## [RECORDS PROVIDED]
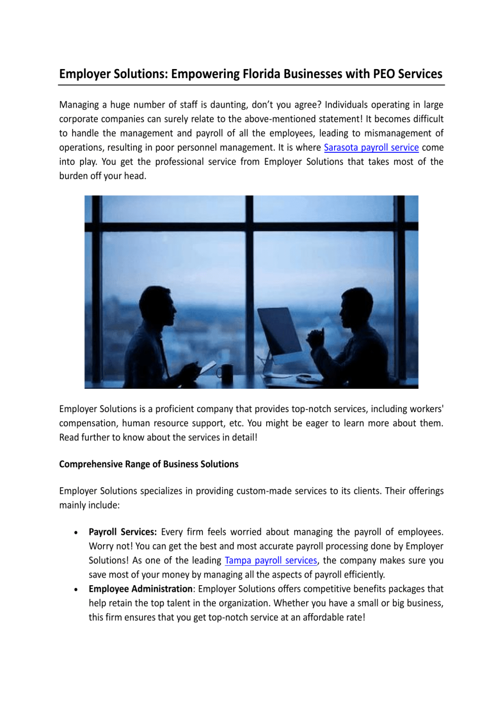 Employer Solutions: Empowering Florida Businesses with PEO Services Managing a huge number of staff is daunting, don’t you agree? Individuals operating in large corporate companies can surely relate to the above-mentioned statement! It becomes difficult to handle the management and payroll of all the employees, leading to mismanagement of operations, resulting in poor personnel management. It is where Sarasota payroll service come into play. You get the professional service from Employer Solutions that takes most of the burden off your head. Employer Solutions is a proficient company that provides top-notch services, including workers' compensation, human resource support, etc. You might be eager to learn more about them. Read further to know about the services in detail! Comprehensive Range of Business Solutions Employer Solutions specializes in providing custom-made services to its clients. Their offerings mainly include: • • Payroll Services: Every firm feels worried about managing the payroll of employees. Worry not! You can get the best and most accurate payroll processing done by Employer Solutions! As one of the leading Tampa payroll services, the company makes sure you save most of your money by managing all the aspects of payroll efficiently. Employee Administration: Employer Solutions offers competitive benefits packages that help retain the top talent in the organization. Whether you have a small or big business, this firm ensures that you get top-notch service at an affordable rate! • Human Resource Support: Have you ever been stuck while managing sensitive workplace issues? You can easily manage all the stressful HR-related operations with Employer Solutions! The company provides a certified HR professional to handle all such tasks promptly. Looking for a Trusted Partner for Business Growth? If you have a business in Tampa, Sarasota, Bradenton, Fort Myers, Naples, or near Florida, then you can get these services there. It provides an expert solution to all your problems without much hassle! The company's dedication and focused approach help grow your business to the next level. Employer Solutions goes beyond just offering you service. It builds long-term relationships with business clients by meeting their unique needs. What makes this service unique? Employer Solutions has a remarkable business image, reflected through its high-quality service. Their uniqueness lies in delivering customized PEO services tailored to meet the needs of businesses across Florida. Additionally, you can also get remarkable HR outsourcing Tampa to manage your HR-related functions in an effective manner. For more information, visit https://employersolutionspeo.com/. Original Source: https://bit.ly/4dCwLO6
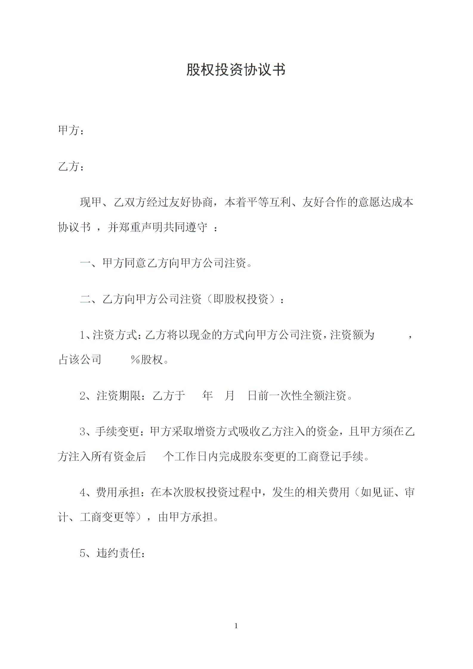 股权投资协议书
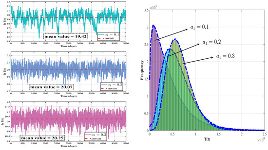 As shown in Figure 9, the left panel demonstrates the trends in the average value of tumor cells for different values of . It can be observed that as increases, the average value of tumor cells exhibits a gradual upward trend. The right panel of Figure 9 depicts the steady-state distribution corresponding to different values of . It reveals that as increases from 0.1 to 0.3, the concentrated range of tumor cell quantity distribution shifts progressively to the right, and the tumor cell count correspondingly increases. These findings reveal the significant influences of the growth factor on the long-term behavior of tumor cells. An increase in promotes tumor cell growth, providing theoretical insights for the further development of tumor treatment strategies.
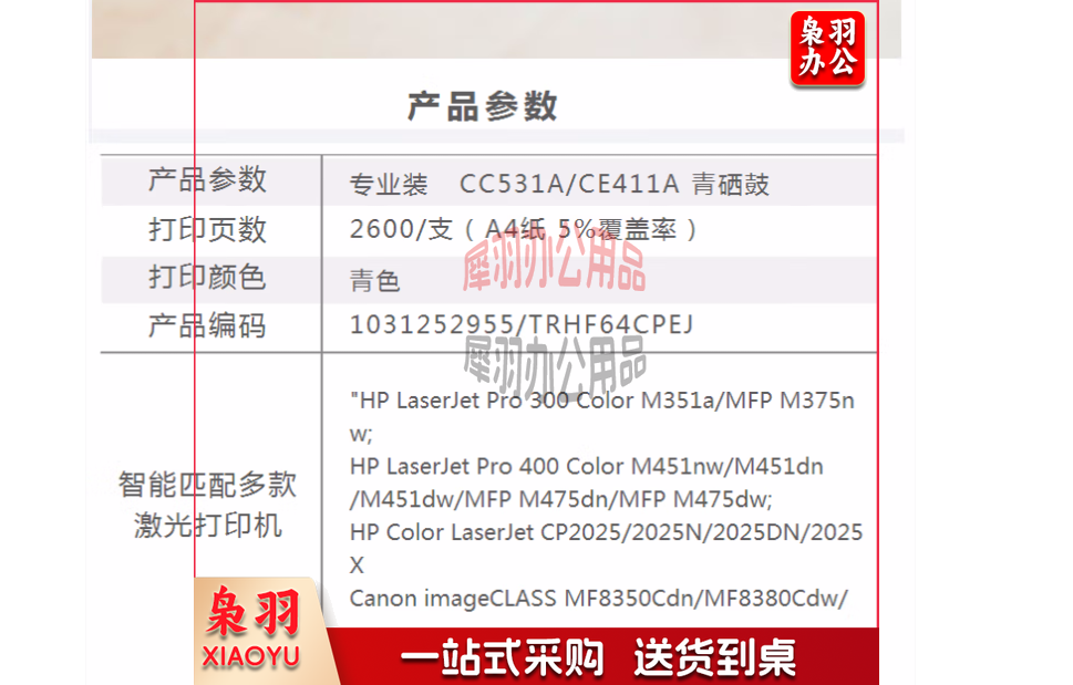 天威 CC531A/CE411A/CRG318/418R 硒鼓(TRHF64CPEJ) 2600页 青色 (适用于HPLaserJetPro300ColorM351a
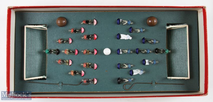 1953-54 Newfooty Boxed De Luxe table soccer game, complete with goal ball, clips, cord pitch literature and two teams in red and white shirts - black shorts, blue shirts white shorts G
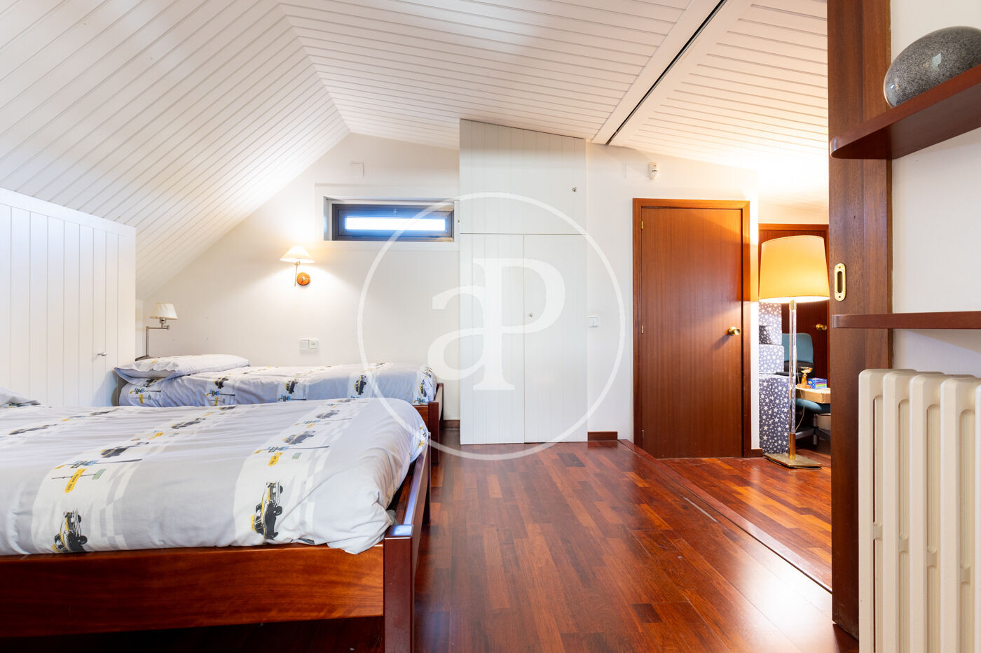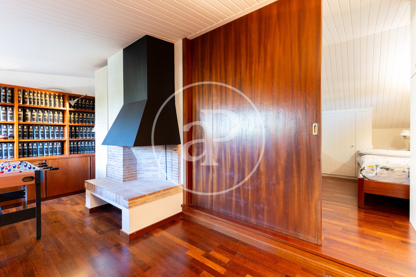 I encara hi ha més! Un altre espai que també t’enamorarà es troba a la planta superior: l’estudi-biblioteca amb llar de foc i sostre de fusta sota teulada. Un refugi perfecte per llegir, treballar o simplement contemplar el foc en silenci.

## [WHAT YOU ARE ASKED TO DO]
Each record above goes into the copy word for word; the pictures do not.

## [YOUR SOLUTION]
 Employer Solutions: Empowering Florida Businesses with PEO Services Managing a huge number of staff is daunting, don’t you agree? Individuals operating in large corporate companies can surely relate to the above-mentioned statement! It becomes difficult to handle the management and payroll of all the employees, leading to mismanagement of operations, resulting in poor personnel management. It is where Sarasota payroll service come into play. You get the professional service from Employer Solutions that takes most of the burden off your head. Employer Solutions is a proficient company that provides top-notch services, including workers' compensation, human resource support, etc. You might be eager to learn more about them. Read further to know about the services in detail! Comprehensive Range of Business Solutions Employer Solutions specializes in providing custom-made services to its clients. Their offerings mainly include: • • Payroll Services: Every firm feels worried about managing the payroll of employees. Worry not! You can get the best and most accurate payroll processing done by Employer Solutions! As one of the leading Tampa payroll services, the company makes sure you save most of your money by managing all the aspects of payroll efficiently. Employee Administration: Employer Solutions offers competitive benefits packages that help retain the top talent in the organization. Whether you have a small or big business, this firm ensures that you get top-notch service at an affordable rate! • Human Resource Support: Have you ever been stuck while managing sensitive workplace issues? You can easily manage all the stressful HR-related operations with Employer Solutions! The company provides a certified HR professional to handle all such tasks promptly. Looking for a Trusted Partner for Business Growth? If you have a business in Tampa, Sarasota, Bradenton, Fort Myers, Naples, or near Florida, then you can get these services there. It provides an expert solution to all your problems without much hassle! The company's dedication and focused approach help grow your business to the next level. Employer Solutions goes beyond just offering you service. It builds long-term relationships with business clients by meeting their unique needs. What makes this service unique? Employer Solutions has a remarkable business image, reflected through its high-quality service. Their uniqueness lies in delivering customized PEO services tailored to meet the needs of businesses across Florida. Additionally, you can also get remarkable HR outsourcing Tampa to manage your HR-related functions in an effective manner. For more information, visit https://employersolutionspeo.com/. Original Source: https://bit.ly/4dCwLO6
 股权投资协议书
 As shown in Figure 9, the left panel demonstrates the trends in the average value of tumor cells for different values of . It can be observed that as increases, the average value of tumor cells exhibits a gradual upward trend. The right panel of Figure 9 depicts the steady-state distribution corresponding to different values of . It reveals that as increases from 0.1 to 0.3, the concentrated range of tumor cell quantity distribution shifts progressively to the right, and the tumor cell count correspondingly increases. These findings reveal the significant influences of the growth factor on the long-term behavior of tumor cells. An increase in promotes tumor cell growth, providing theoretical insights for the further development of tumor treatment strategies.
 天威 CC531A/CE411A/CRG318/418R 硒鼓(TRHF64CPEJ) 2600页 青色 (适用于HPLaserJetPro300ColorM351a
 1953-54 Newfooty Boxed De Luxe table soccer game, complete with goal ball, clips, cord pitch literature and two teams in red and white shirts - black shorts, blue shirts white shorts G
 I encara hi ha més! Un altre espai que també t’enamorarà es troba a la planta superior: l’estudi-biblioteca amb llar de foc i sostre de fusta sota teulada. Un refugi perfecte per llegir, treballar o simplement contemplar el foc en silenci.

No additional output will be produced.